Maybe I’ve been lying by omission, though radical transparency has never been one of my brand pillars so maybe it’s fine? In any case, I came here to disclose that I haven’t played tennis in four months. It has nothing to do with winter.

I have a herniated disc; a budget MRI ($250) I got in a moldy basement in Astoria told me so. If you’re a silly billy freelancer without health insurance like me, $250 is a very good price for an MRI (start here if you’re in New York and need one). The caveat is that the price was, for me, the only palatable thing about the experience. Permit me a quick, floral meandering wherein I dump my trauma upon you.

So, the basement. Once I descended there, a middle-aged Russian woman with translucent skin rose silently from her chair and glided toward me with the kind of frailty no-one wants from a health practitioner. Her glazed-over eyes were fully committed to the middle distance, making it unclear if she’d actually seen me or just felt that someone was there.

This woman led me to the machine—as much as an eerie, amorphous person can lead—mumbling and shuffling and come to think of it, probably sleepwalking. To be fair, she couldn’t have settled me with coherence or conviction. Swampy smells usurped my nostrils, meaning mold was nigh. Just basements upholding their rep, as it were! Cortisol soaring, armpits soggy, I thought only of how mold in my Bed Stuy apartment took me out last year.

She didn’t meet my eyes to hand me protective goggles, instead staring blankly ahead (shout out Vanessa Carlton) while I submitted to a thousand miles of ear-shredding tones that had me believing the year was 1998 and the locale was my family’s *computer room*—though the suffering lasted much longer than a dial-up modem connecting to the internet. Do we all agree that MRIs are insane?? Lmk.

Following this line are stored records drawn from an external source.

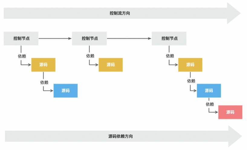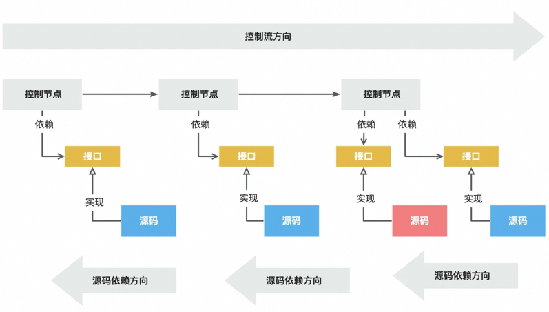- 控制流与实现细节无关, 对于控制流中的任意流程节点,无论你如何实现它,流程节点的目的和意义都不会发生变化。例如对于用户详情查询控制流中的“查询用户基本信息”节点而言,无论你的实现细节是从缓存中查询还是从数据库中查询,其目的就是“输出用户信息交付给控制流下一流程节点”,不会随着存储源的变化而发生改变。
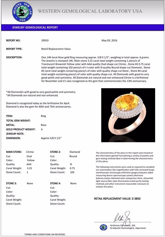 total approx. 6 grams. The Jewelry is stamped 14K, Main stone 3.25 carat total weight containing 1 piece/s of Translucent Brownish Yellow color with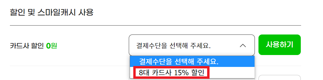 구매하기 버튼을 누른 후 '카드사 할인'에서 '8대 카드사 15% 할인'을 누릅니다.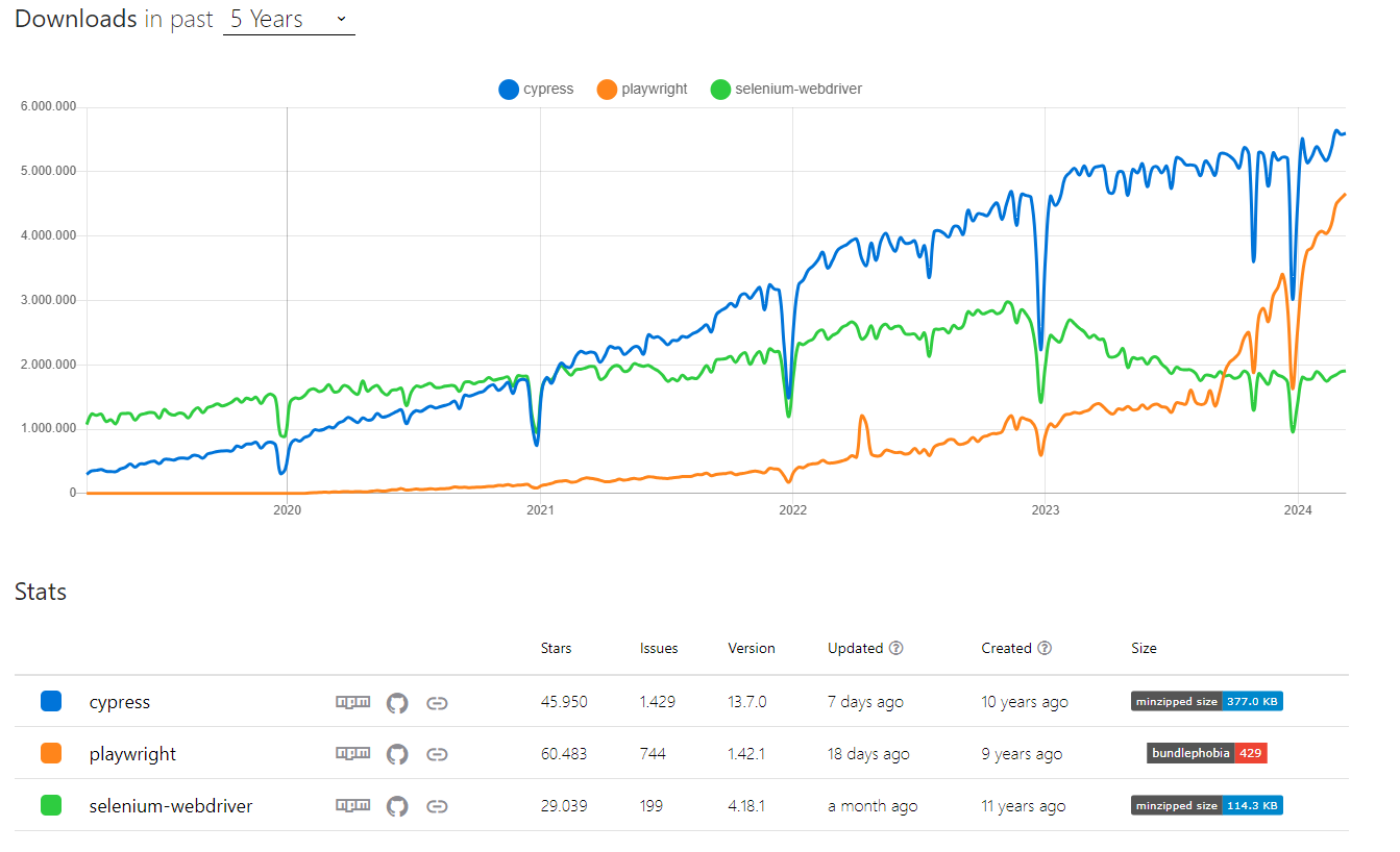 NPM Trends: Comparativo do número de downloads Cypress x Playwright x Selenium Webdriver https://npmtrends.com/cypress-vs-playwright-vs-selenium-webdriver Acessado em: 23/04/2024

It’s so true that everyone has a story and that was mine! The events described above culminated in a sobering fact: I have a herniated disc, which is when “the inner gel-like core of a spinal disc pushes through a tear or weak point in the tough outer layer” (spine-health.com).

Prior to knowing, I really didn’t want to know, so instead I played through tension and stiffness—and eventually, actual pain—for months. I can probably even trace the demise of my back to a recurring ankle injury from four years ago that returned last summer. I played through both chapters. What are signs for if not ignoring them?? There was pain; nevertheless, she persisted.

So let me just say that this is a hard thing to write about—not because it hurts to sit, and also, tragically, to sneeze—but because it reveals the mistakes and character deficiencies that got me here in the first place.

If you are maybe on the edge of an injury, here are three things you shouldn’t do that I did:

Keep reading with a 7-day free trial

Subscribe to Hard Hitting to keep reading this post and get 7 days of free access to the full post archives.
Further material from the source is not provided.